La arquitectura religiosa es determinante para la identidad histórica y el patrimonio cultural y artístico de los enclaves urbanos. Sus valores estéticos y riqueza visual repercuten en la imagen que el vecino y visitante se forjan de sus dirigentes o del clero que mandó fabricar las obras. De la representatividad que asumieron ciertos edificios y de la persistencia de su carácter preeminente es testimonio el hecho de que hayan sido buscados como sedes por las instituciones más representativas en los siglos XIX y XX.

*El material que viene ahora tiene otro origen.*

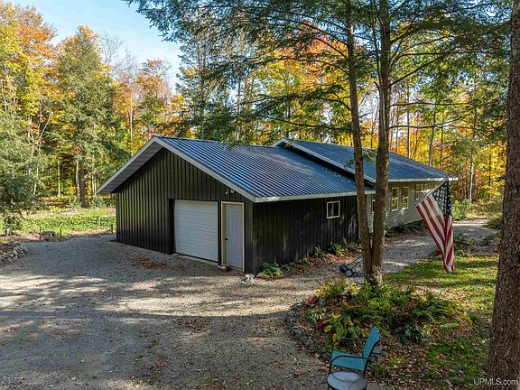 Here's a lovely home nestled in a very secluded area yet with easy private access and not far off the beaten path. This 2-year-old 1 bed/1 bath, with the possibility to convert the family room into a second bedroom, provides a very comfortable setting. The foundation is poured cement, great for storage. The structure is well built with ICF insulation from the crawlspace to the trusses, ideal for the UP winters. Fiber optics is installed and available. There are many adorable features for those that have gardening ambitions and just love the thought of being out in nature. The property has manicured trails leading to all corners of its boundaries and has many mature trees with an abundance of different species including maple, beech, cherry, hemlock, white pine, etc.. For snowmobiling and ATV's the Crossover Road can lead you to the many trails nearby. Just a beautiful and unique setting with all the pleasures inside and out. Very inviting for dogs, rabbits, chickens and other animals of personal interest. Set yourself today in the atmosphere that features our Yooper life!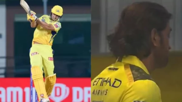 In the 19th over of the match, when CSK were on brink of the win, Shivam Dube smashed Alzarri Joseph for a stunning pull shot that went for a massive six over deep backward square leg. MS Dhoni, who was in the dressing room, was visibly impressed with the shot, as his facial expressions would tell.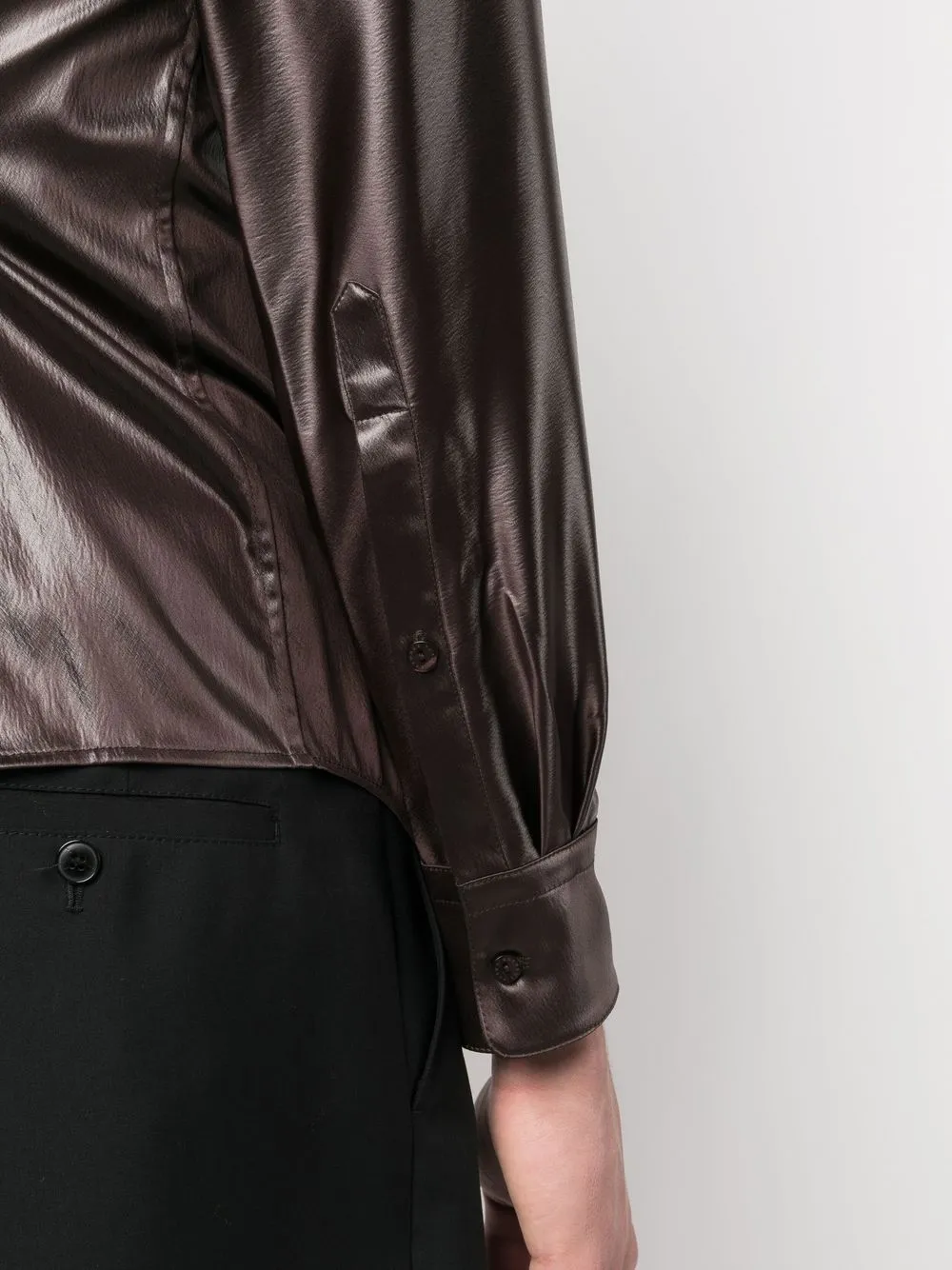 Шоколадный, покрытие с эффектом металлик, зернистая текстура, прямой воротник, застежка на пуговицах спереди, длинные рукава, манжеты на пуговицах и закругленный подол.

Hablar del poder en arquitectura implica analizarla como hecho fenomenológico; considerar el uso del lenguaje artístico cómo transmisor ideológico o la elección de los materiales por su valor o por su simbolismo[1]; indagar cuáles son las estrategias para conseguir los objetivos; estudiar qué la distingue o identifica como perteneciente a una tipología, a una institución o estirpe familiar; ahondar en la interferencia entre lo eclesiástico y lo laico; etc.[2]. La significación del edificio debido a la función que cumple, su emplazamiento y conexión con el entorno construido o natural, su conformación, dimensiones y destino, entre otras cosas, movieron a los dueños y patrocinadores en mayor o menor grado aportando caudales y dejando memoria de sus actuaciones por medio de inscripciones que revelaban los nombres de quienes participaron en la construcción y de los gobernantes del momento. Si las armas e insignias del Ayuntamiento, cabildo de la catedral, prelado, orden religiosa o cofradía vinculaban el edificio a la corporación a la que pertenecía, manifestaban patronazgo o colaboración económica, las lápidas con sus leyendas daban cuenta de las personas.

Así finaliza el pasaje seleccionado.